- [Your goal]: Using the listing below, copy exactly each line from the one that has "Group Photo of" through the one that has "Building a garage for all the cars."; omit the pictures.

- [Material supplied]:
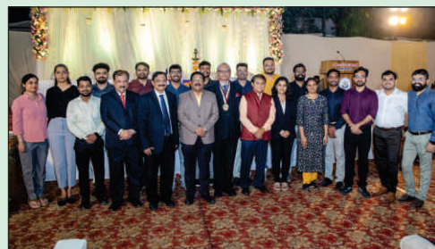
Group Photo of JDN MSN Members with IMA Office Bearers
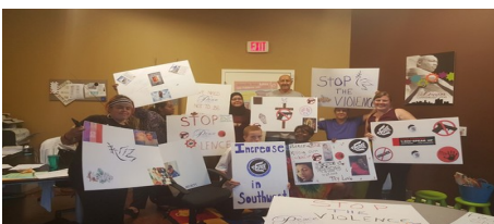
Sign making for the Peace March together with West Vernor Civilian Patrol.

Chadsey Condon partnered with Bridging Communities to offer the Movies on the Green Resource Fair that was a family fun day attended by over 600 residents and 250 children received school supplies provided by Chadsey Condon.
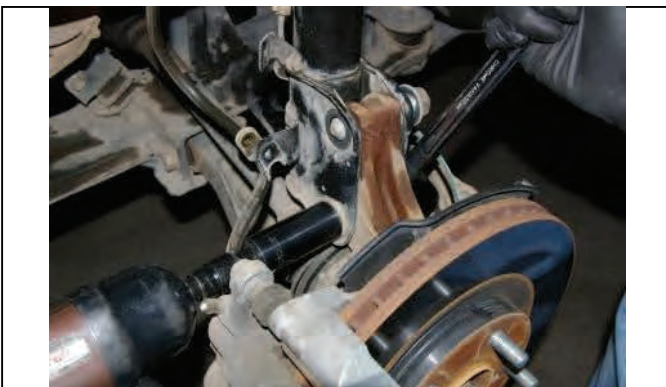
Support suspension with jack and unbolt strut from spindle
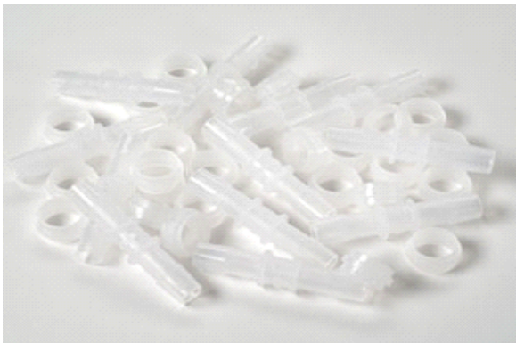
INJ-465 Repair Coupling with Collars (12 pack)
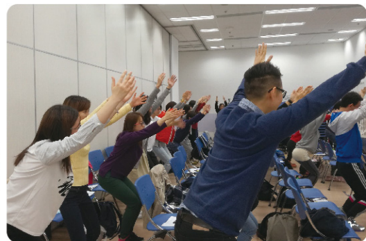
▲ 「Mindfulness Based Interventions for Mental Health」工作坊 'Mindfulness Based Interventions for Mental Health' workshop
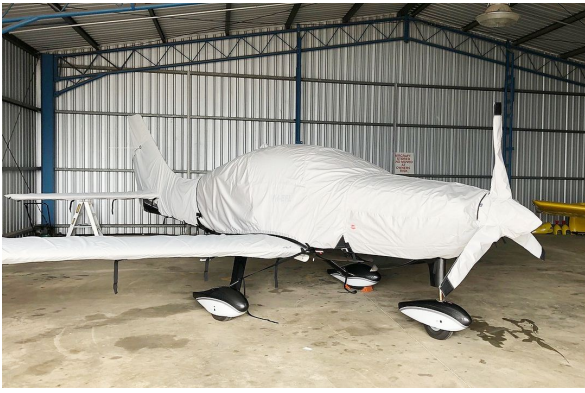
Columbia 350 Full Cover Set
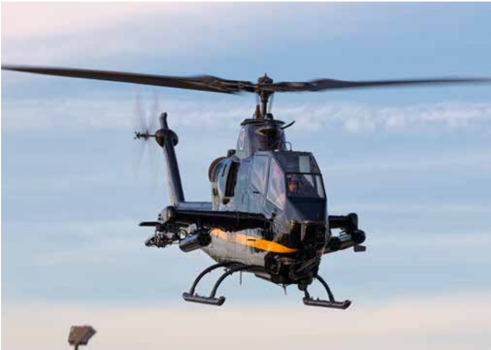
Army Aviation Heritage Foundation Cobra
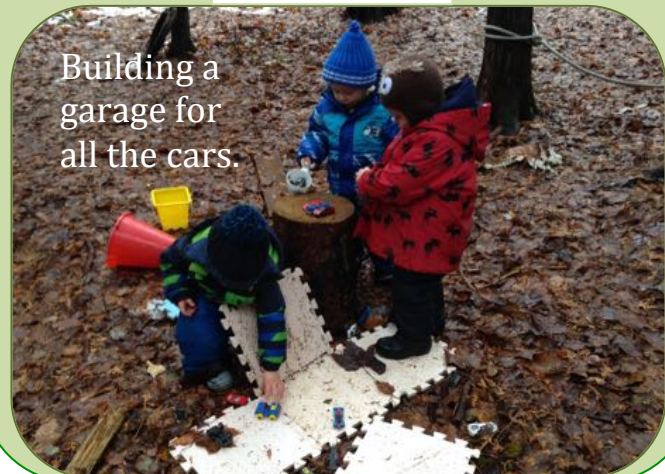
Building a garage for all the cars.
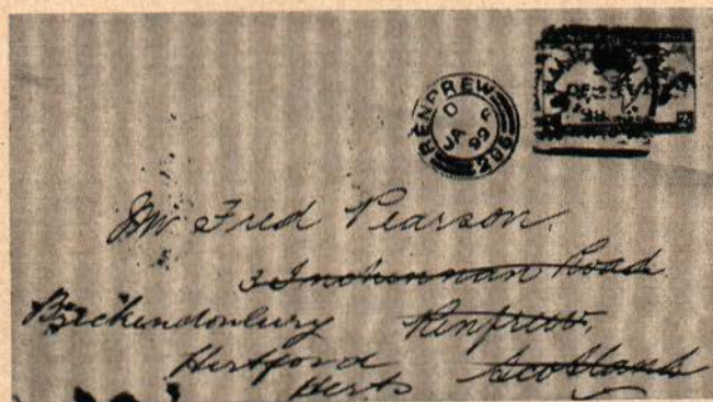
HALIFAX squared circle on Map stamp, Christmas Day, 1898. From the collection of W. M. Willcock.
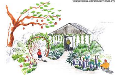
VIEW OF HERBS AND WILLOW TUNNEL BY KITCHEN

==

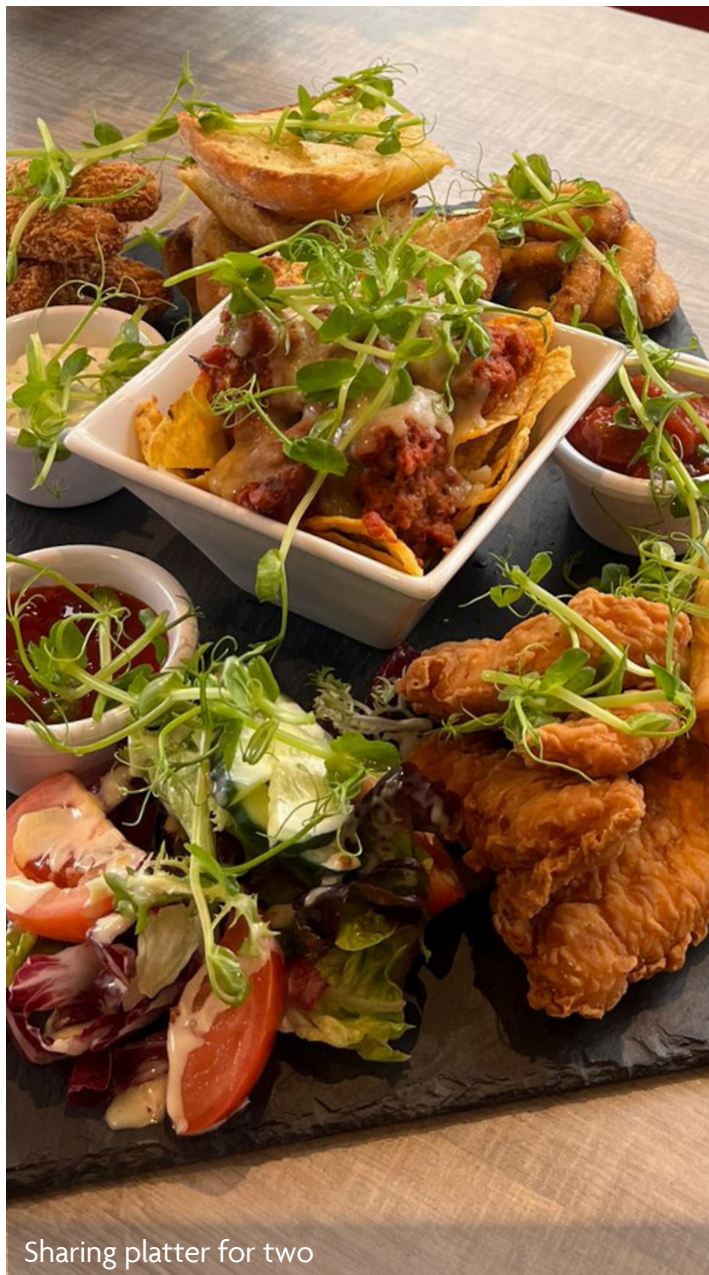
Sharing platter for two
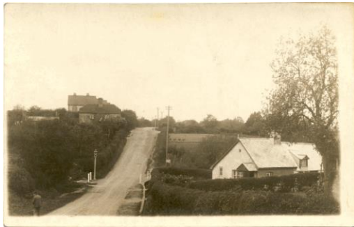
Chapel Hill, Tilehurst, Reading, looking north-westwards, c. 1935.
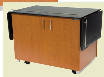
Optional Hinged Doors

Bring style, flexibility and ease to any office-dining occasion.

- [Exercise answer]:
Group Photo of JDN MSN Members with IMA Office Bearers
Sign making for the Peace March together with West Vernor Civilian Patrol.

Chadsey Condon partnered with Bridging Communities to offer the Movies on the Green Resource Fair that was a family fun day attended by over 600 residents and 250 children received school supplies provided by Chadsey Condon.
Support suspension with jack and unbolt strut from spindle
INJ-465 Repair Coupling with Collars (12 pack)
▲ 「Mindfulness Based Interventions for Mental Health」工作坊 'Mindfulness Based Interventions for Mental Health' workshop
Columbia 350 Full Cover Set
Army Aviation Heritage Foundation Cobra
Building a garage for all the cars.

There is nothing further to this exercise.